Light and untruth at Yale

lux et veritas

Lux et nonveritas?

It is not a good year for Yale.  First, its endowment dropped 30%, about $1 billion more than projected.  Now it is being sued for $50 million by a major private Korean university.  Dongguk University, a 103-year-old Buddhist institution, has filed a lawsuit against Yale, alleging negligence, recklessness, and defamation after Yale officials mistakenly identified a Dongguk professor as having received a Ph.D. from Yale.

In what has become known in the media as “Shingate,” Shin Jeong-ah, a Dongguk art professor, forged a certificate from Yale to get a job at Dongguk in 2005.  After questions about her credentials arose, Dongguk sent a letter to Yale asking for authentication on a document that Shin provided, which bore the signature of a Yale official and stated that Shin had received a Ph.D. from Yale.  The document was a fake, but the Yale official whose name appeared in the document confirmed its authenticity, apparently without checking Yale records.

After more inquiries from Dongguk, Yale finally investigated and then announced in 2007 that Shin did not receive a degree from Yale.  It denied at first, however, about having received the first inquiry in 2005.  Yale did not acknowledge its mistake until later that year and issued a letter of apology.  Shin eventually resigned and was convicted of falsifying records and of embezzlement.

Gongguk then brought suit against Yale in the federal district court of Connecticut, claiming that Yale’s mistake and negligence had damaged Gongguk’s reputation and resulted in loss contributions.

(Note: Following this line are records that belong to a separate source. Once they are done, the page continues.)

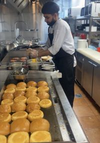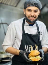 أنا جلال سر كار، أعيش في جدة. اعمل طباخا مساعدا محترفا في مجال الطهي. لدي خبرة سنة في مجال الطهي وسنة أخرى كمساعد طاه. عملت في قسم البرجر والسلطات والمقبلات والمعكرونة، لكنني اعمل بشكل رئيسي في قسم البرجر. اعمل الآن كمساعد طاه، وأشرف على المشرف. اعمل في هذا المطعم منذ ما يقرب من ثلاث سنوات
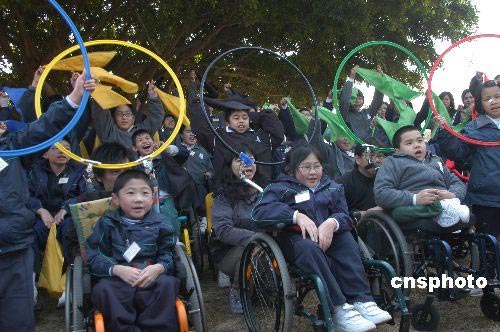 二月二十日是北京零八傷殘奧運(yùn)會倒數(shù)二百天,香港不少特殊學(xué)校學(xué)生參加在彭福公園舉行的“北京二零零八年殘奧會二百天倒數(shù)“儀式。中新社發(fā) 譚達(dá)明 攝
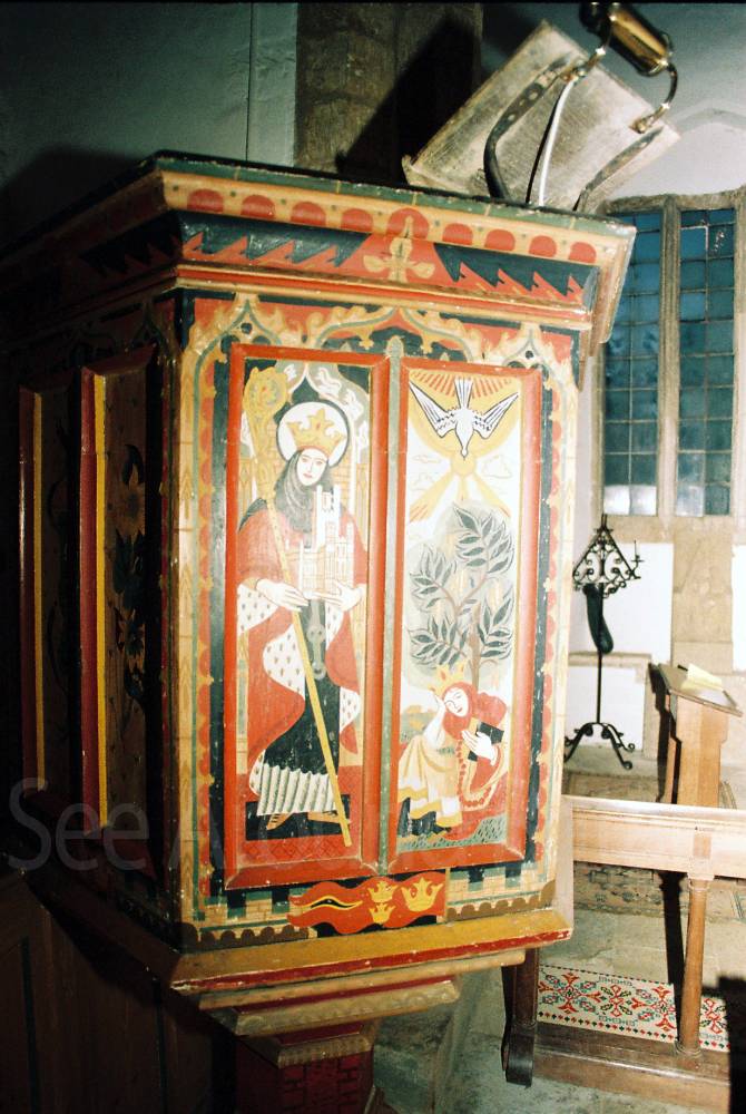 An historical church and Grade I listed building with many outstanding decorative features, including a large medieval wall painting.
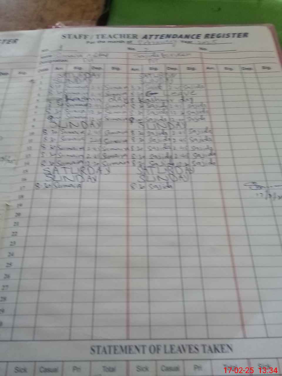 | CNIC | Full Name | Designation | R/C | Absence During Last Calender Month |
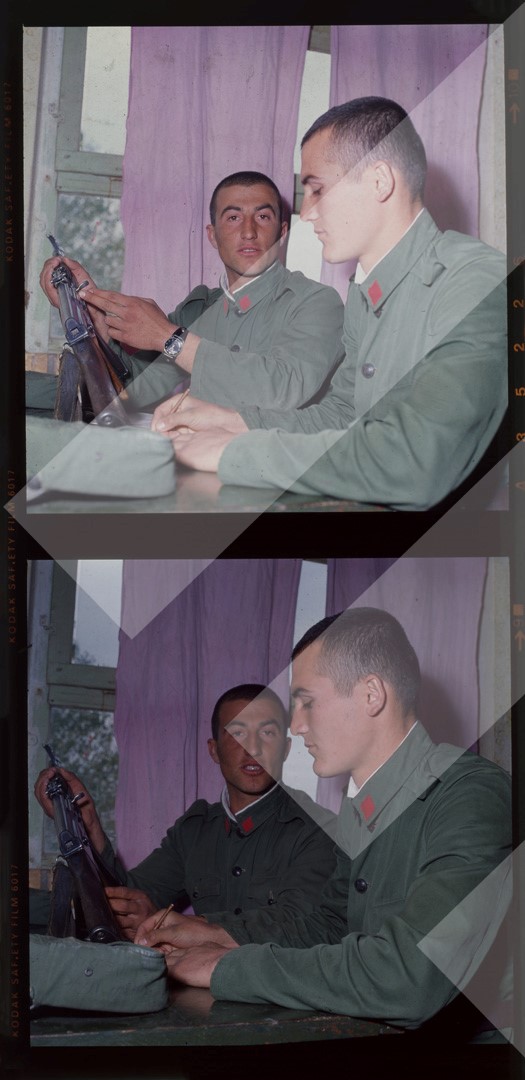 I panjohur, 1984, Ushtarë duke studiuar armët, diapozitiv, 6 x 6 cm.
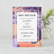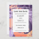Design abstrato moderno em roxo e coral. Esta simples e moderna abstrato para salvar o cartão de data é uma maneira perfeita de começar a celebração. Todos os detalhes no quadro branco podem ser personalizados para seus detalhes de casamento. O estilo e a cor da fonte podem ser personalizados para o seu estilo pessoal. A parte traseira da placa é um roxo sólido que corresponde ao roxo no design abstrato.
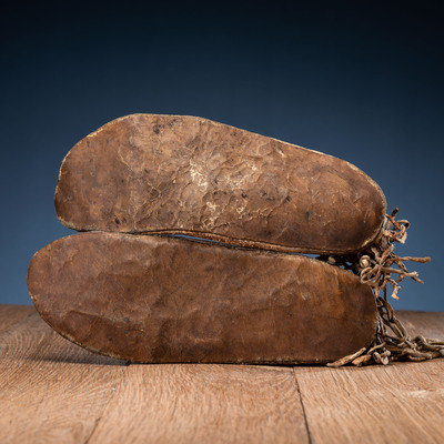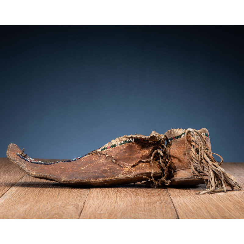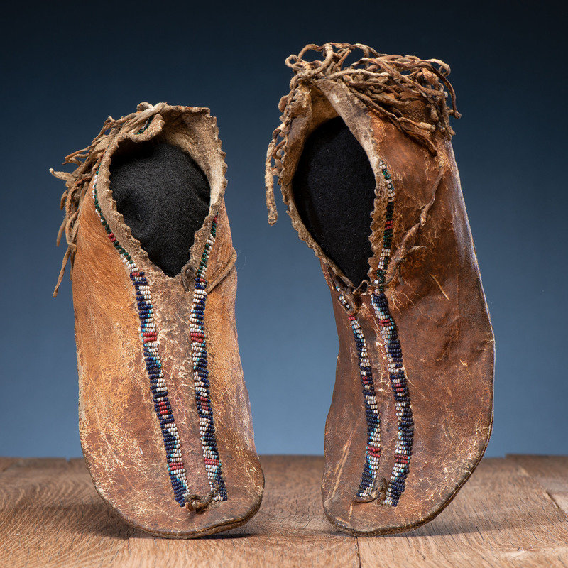 sinew-sewn on softly-tanned hide; vamps with two beaded lanes in colors of cobalt, red white-heart, light blue, white, and translucent green; pinked cuffs; heel fringe; hide coated with red pigment

The court rejected Yale’s effort to dismiss the suit in June.

What caught my eyes about this lawsuit is not just the fact that Yale is my alma mater, but because the suit highlights an oft-overlooked function of our higher education institutions.  When we think about the role of a university, we often think of it as either “the producer of knowledge” or as the educator of its students (though, as I pointed out in previous posts, universities that actually produce knowledge are fairly rare).  We often forget a third and equally important social function of the university — evaluating our youths, judging their competence, sorting them into various categories, and stamping them with grades and a degree.

Admittedly, grades and degrees are not everything, and their importance in a person’s career decrease with time.  But they are not nothing.  For better or for worse, our society — employers, schools, consumers, and the general public — rely on information about a person’s educational history and performance in school as tools to judge someone’s intelligence and ability.  In many cases, such as in the case of Ms. Shin, these credentials are the prerequisite for receiving benefits and opportunities.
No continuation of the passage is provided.